Bibliographic record
Abstract
Abstract A physically based hydrological model for the upper Baker River basin (UBRB) in Patagonia was developed using the modular Cold Regions Hydrological Model (CRHM) in order to better understand the processes that drive the hydrological response of one of the largest rivers in this region. The model includes a full suite of blowing snow, intercepted snow, and energy balance snowmelt modules that can be used to describe the hydrology of this cold region. Within this watershed, snowfall, wind speed, and radiation are not measured; there are no high-elevation weather stations; and existing weather stations are sparsely distributed. The impact of atmospheric data from ECMWF interim reanalysis (ERA-Interim) and Climate Forecast System Reanalysis (CFSR) on improving model performance by enhancing the representation of forcing variables was evaluated.
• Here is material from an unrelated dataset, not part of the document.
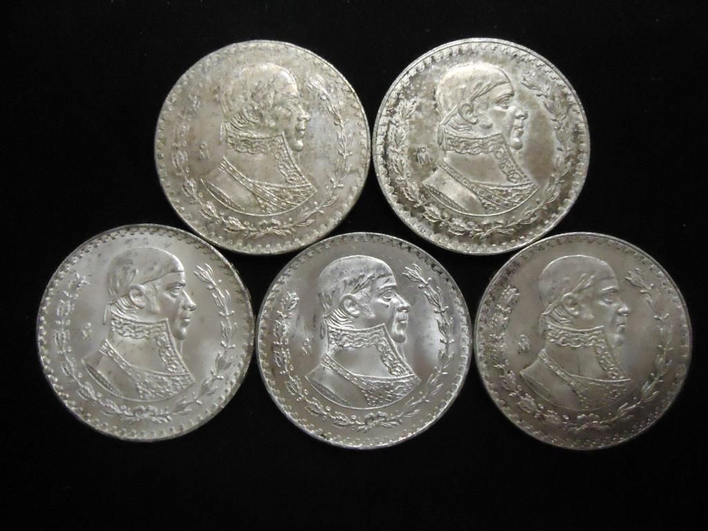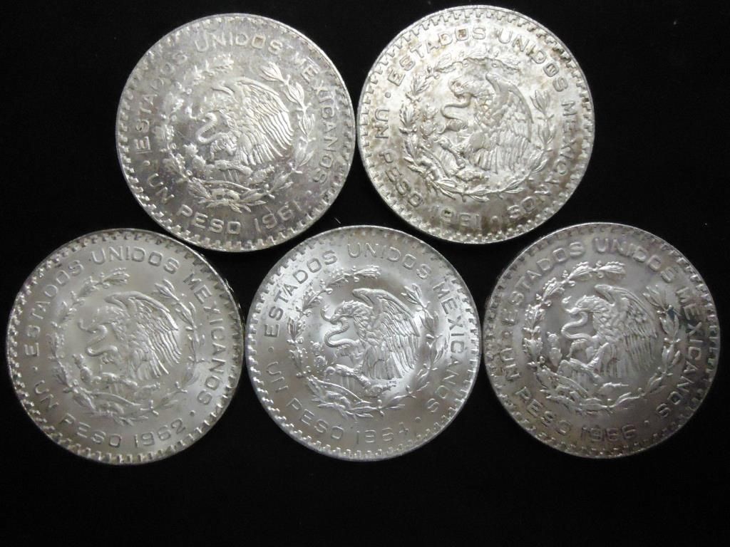 5 ASSORTED 1960'S MEXICO SILVER PESOS

CRHM parameters were assigned for local physiographic and vegetation characteristics based on satellite land cover classification, a digital elevation model, and parameter transfer from cold region environments in western Canada. It was found that observed precipitation has almost no predictive power [Nash–Sutcliffe coefficient (NS) < 0.3] when used to force the hydrologic model, whereas model performance using any of the reanalysis products—after bias correction—was acceptable with very little calibration (NS > 0.7). The modeled water balance shows that snowfall amounts to about 28% of the total precipitation and that 26% of total river flow stems from snowmelt. Evapotranspiration losses account for 7.2% of total precipitation, whereas sublimation and canopy interception losses represent about 1%. The soil component is the dominant modulator of runoff, with infiltration contributing as much as 73.7% to total basin outflow.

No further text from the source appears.